Today many of these are being pulled down in the race to build apartment towers of 40, 50 or 60 floors.  

Tin Shui Wai: a new town rapidly constructed in the north west of the New Territories from which people commute
 into Hong Kong's central business districts, or increasingly across the bay to Shenzhen, visible in the background.
Often considered to be soul-less and without a sense of community, it is also referred to as the City of Tears 
due to the high frequency of suicides, people often jumping from the apartment windows. 


All too rarely does somebody strive to design something iconic rather than simply copy and paste what has been built dozens of times before.

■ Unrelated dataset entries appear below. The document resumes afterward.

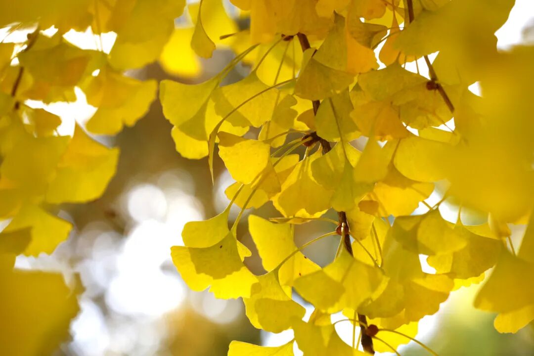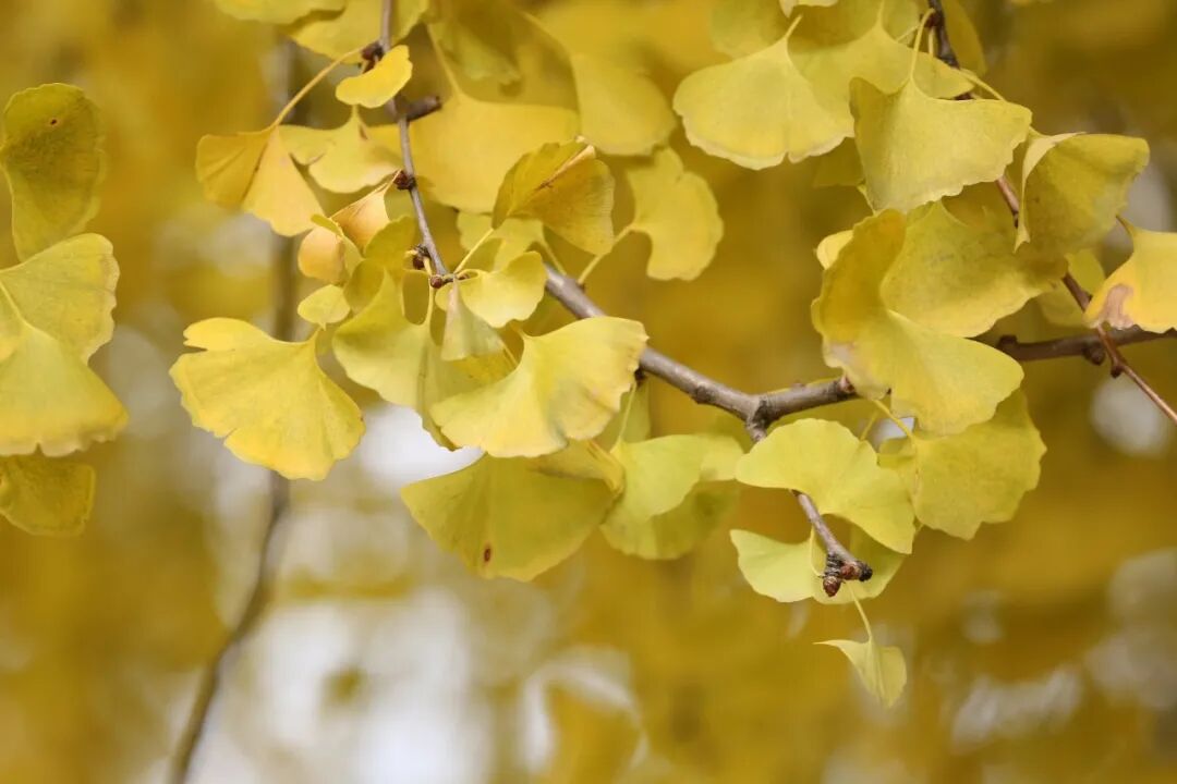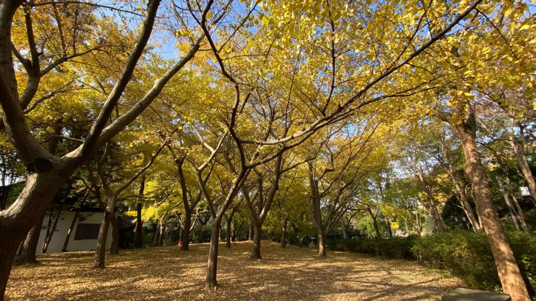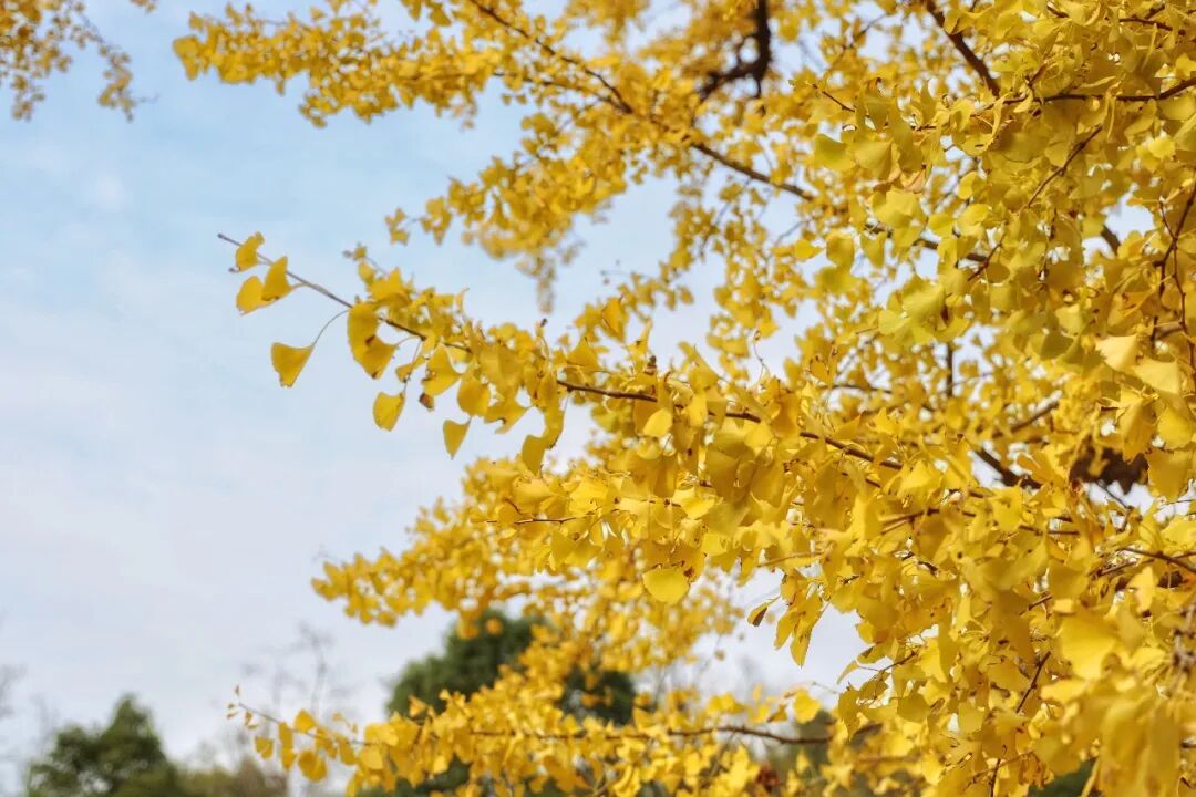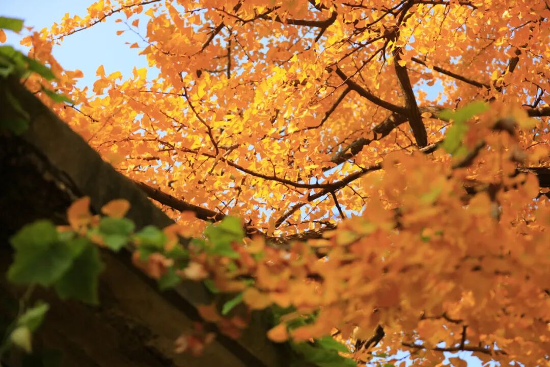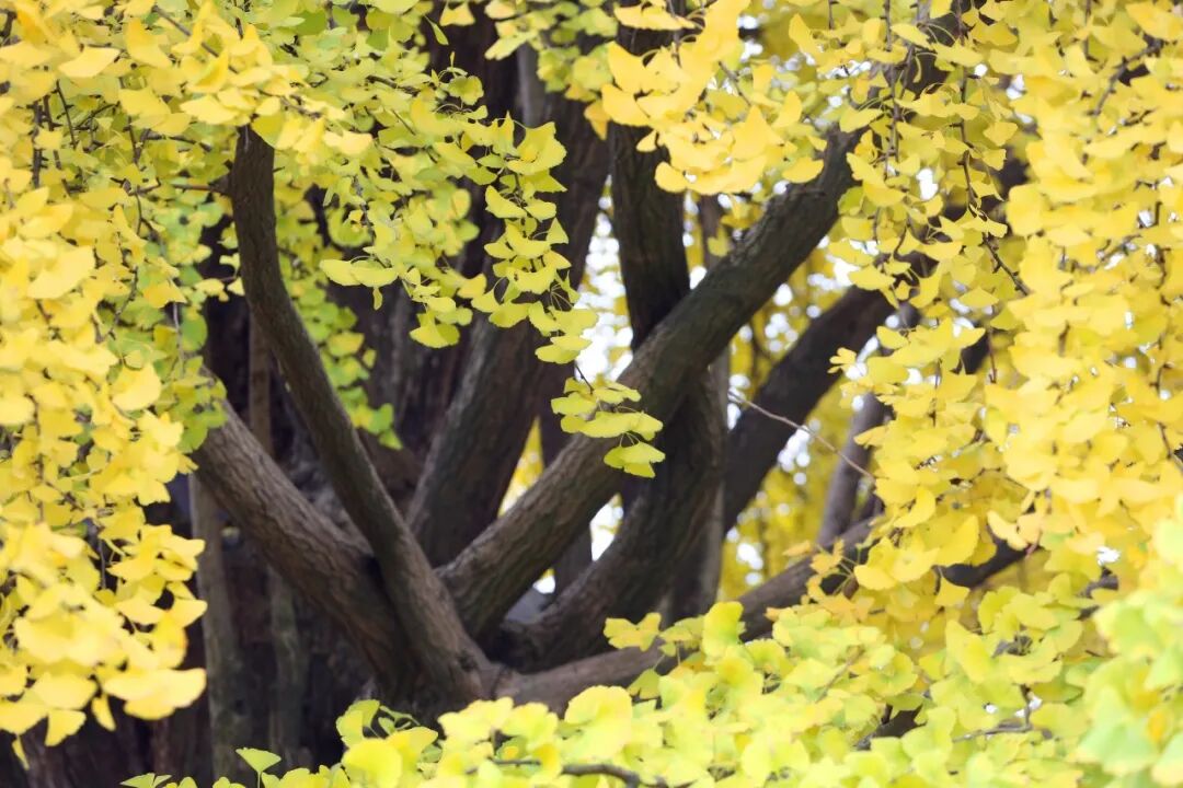 这里的银杏树叶才后知后觉地由绿变黄
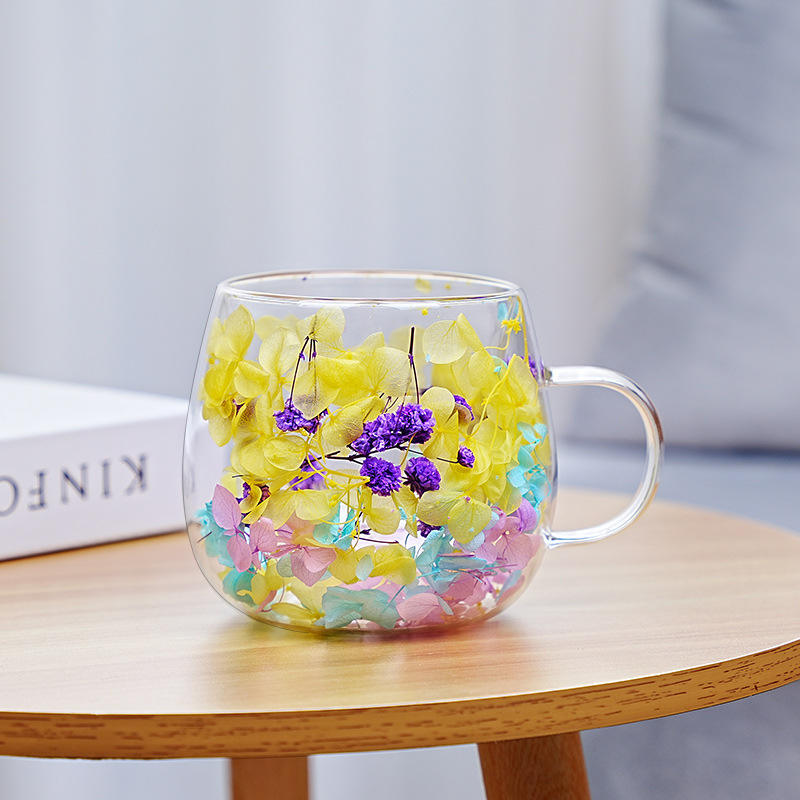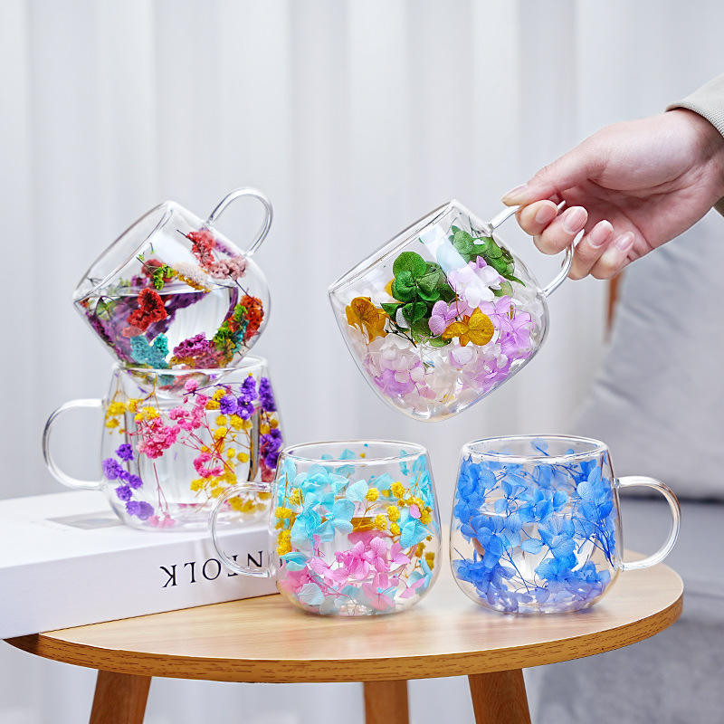 Tasse en verre double paroi, design élégant, tasse à thé en verre borosilicate de haute qualité, tasse à fleurs double paroi
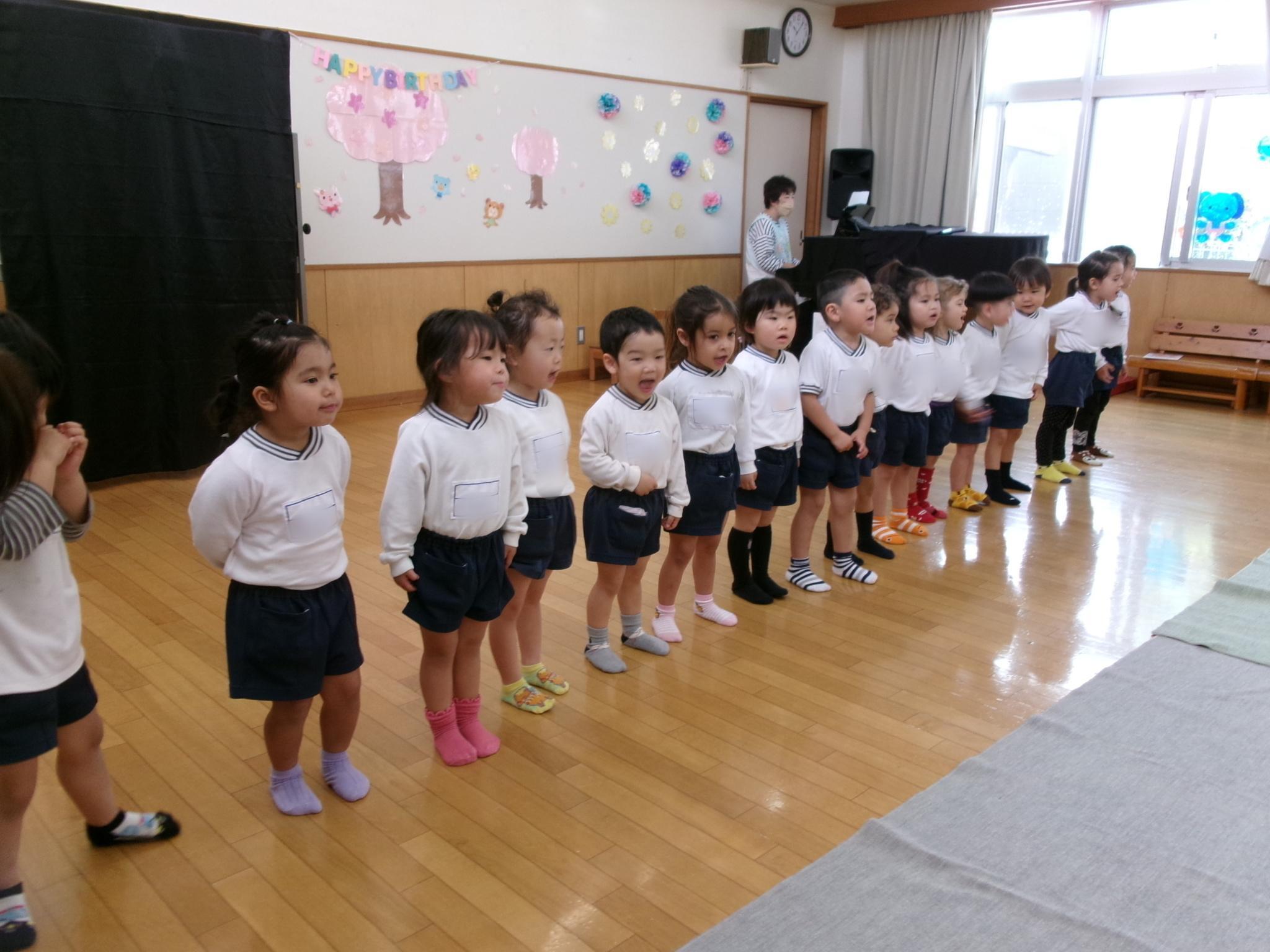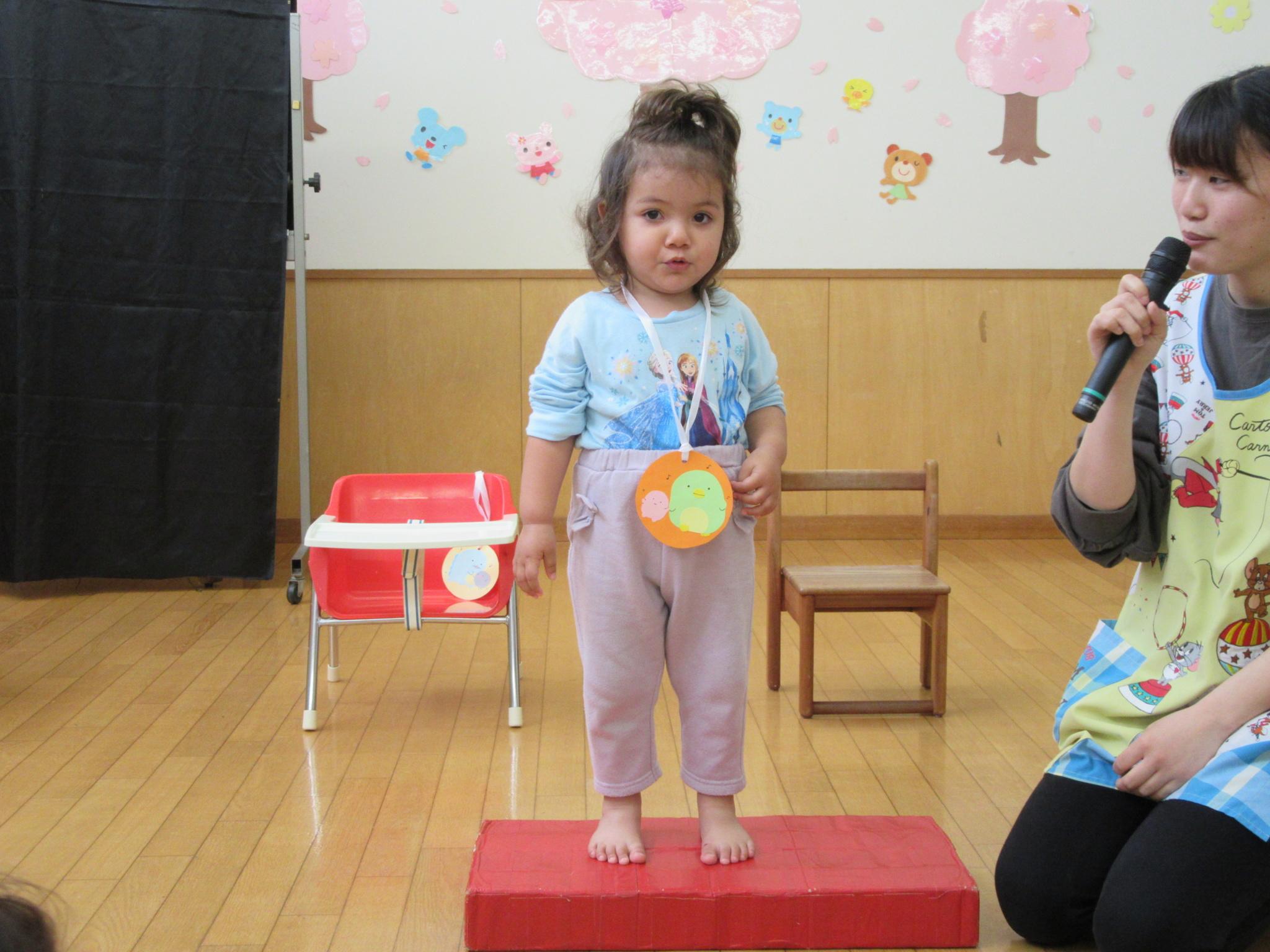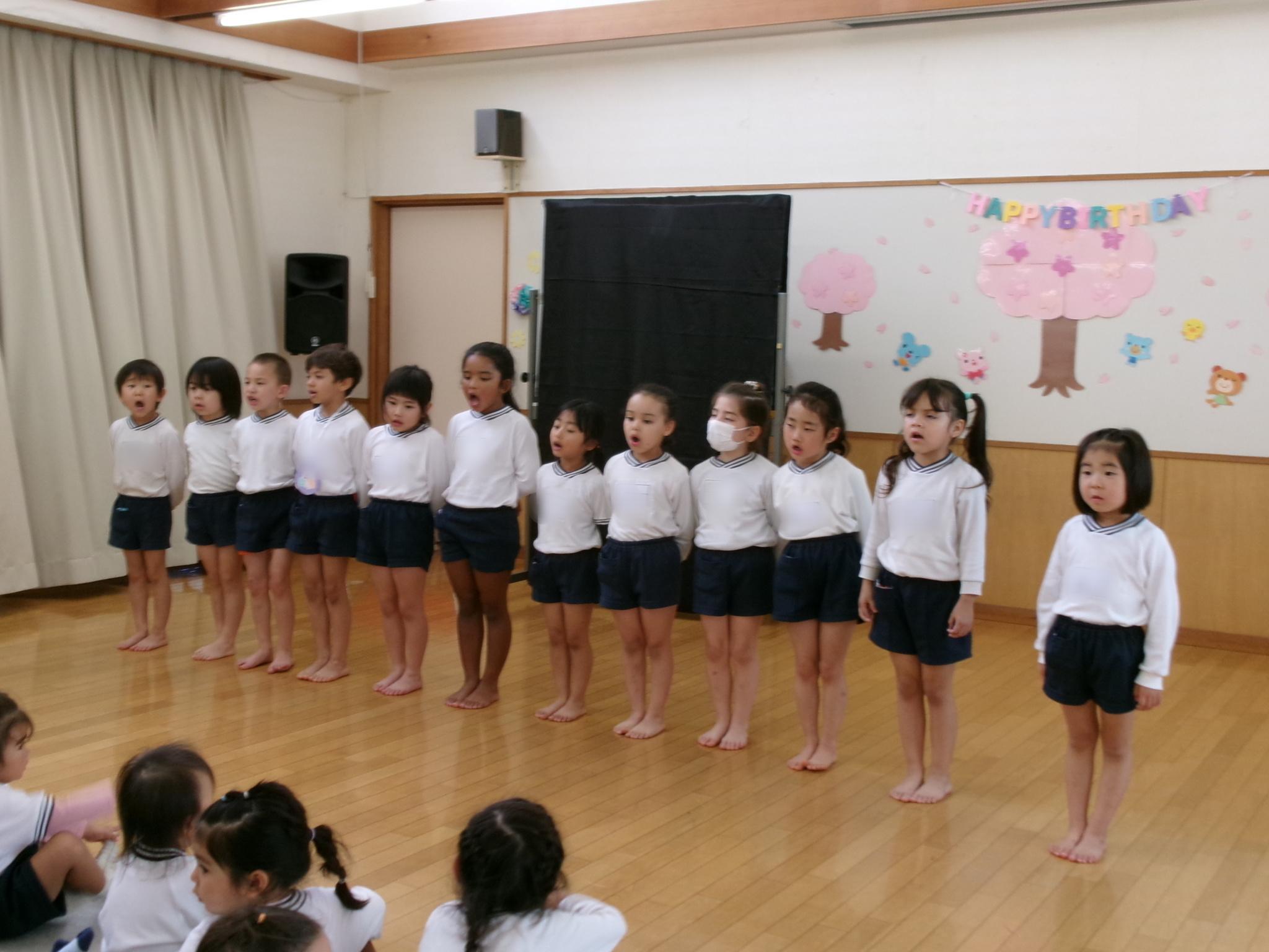 4月は4名のお友だちをお祝いしました。各クラスからのうたのプレゼントがありました。
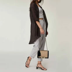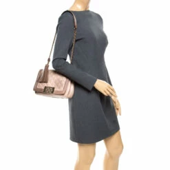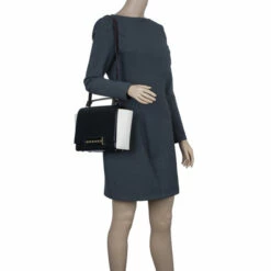 Carolina Herrera Beige/Silver Tweed And Fabric Faux Pearl Embellished Shoulder Bag Women
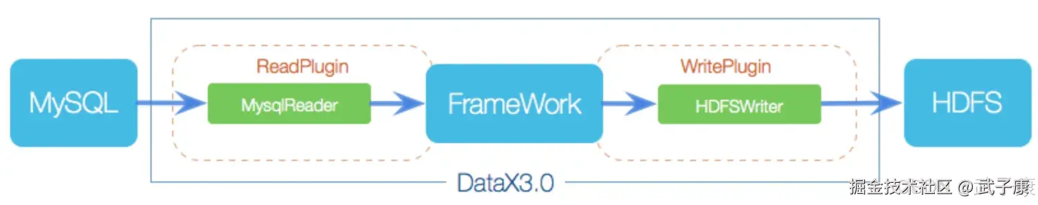 - 接入层:各数据源通过插件化方式接入DataX核心
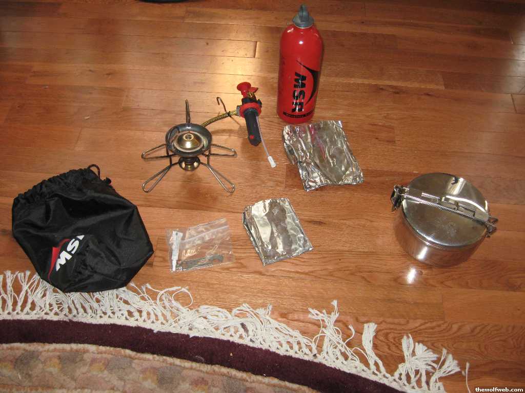 MSR Whisperlite + MSR pot + MSR fuel bottle (includes windscreen and mini rpair kit) - $35
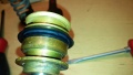 Die neuen Dichtungen innen mit Silikonfett leicht bestreichen, was die Montage erleichtert. Erst wird der mittlere Ring montiert, dann der obere, dann der untere.

The Lippo Towers' Climbing Koala design providing a rare example of flair

HK's 'Lifers' are the expats who have knocked back anything up to 40 years of artery-hardening corporate schmoozing each night, then re-powered themselves on lavish Eggs-Benedict brunches the next day.  They have long since avoided the undignified scramble for waterfront property which lures the Scotch-Egg munching riff-raff who are just here for a fast buck.  The Lifers have done this by simply rising above it all - literally.  Soaring market prices now make it feasible for developers to cut level platforms into the slopes on which to build forests of apartment towers offering breakfast views of the harbour which were previously only available to helicopter pilots. 


Half of this area used to be harbour while the other half was home to wild boar, monkeys and falcons.

Almost two centuries after the fire of 1851, HK's license to print money continues to deliver handsomely.